#### EXERCISE AIM:
Extract, in full, the lines below, beginning at the first and ending with the line that contains "9月8日,2025年beat". Pictures do not belong in the copy.

#### DATASET CONTENT:
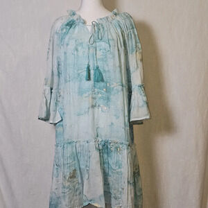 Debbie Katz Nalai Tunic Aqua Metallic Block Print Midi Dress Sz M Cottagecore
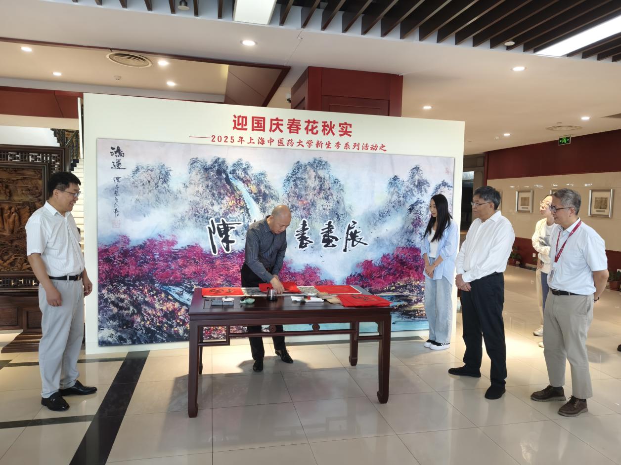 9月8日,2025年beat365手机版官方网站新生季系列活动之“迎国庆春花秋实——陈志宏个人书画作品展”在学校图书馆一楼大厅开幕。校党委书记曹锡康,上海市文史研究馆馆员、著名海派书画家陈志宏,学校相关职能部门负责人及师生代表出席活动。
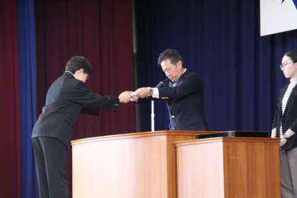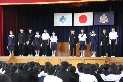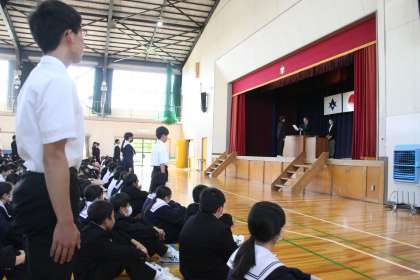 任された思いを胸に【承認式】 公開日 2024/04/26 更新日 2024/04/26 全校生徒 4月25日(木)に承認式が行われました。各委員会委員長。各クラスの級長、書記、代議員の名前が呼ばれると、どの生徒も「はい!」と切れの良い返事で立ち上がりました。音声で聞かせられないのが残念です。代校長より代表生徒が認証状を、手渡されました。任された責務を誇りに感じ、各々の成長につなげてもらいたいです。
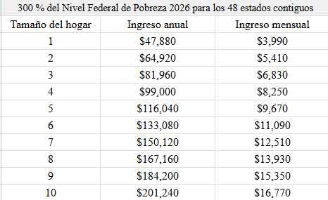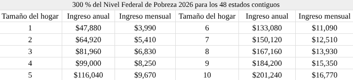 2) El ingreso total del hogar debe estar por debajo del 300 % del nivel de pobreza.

#### TASK ANSWER:
 Debbie Katz Nalai Tunic Aqua Metallic Block Print Midi Dress Sz M Cottagecore
 9月8日,2025年beat365手机版官方网站新生季系列活动之“迎国庆春花秋实——陈志宏个人书画作品展”在学校图书馆一楼大厅开幕。校党委书记曹锡康,上海市文史研究馆馆员、著名海派书画家陈志宏,学校相关职能部门负责人及师生代表出席活动。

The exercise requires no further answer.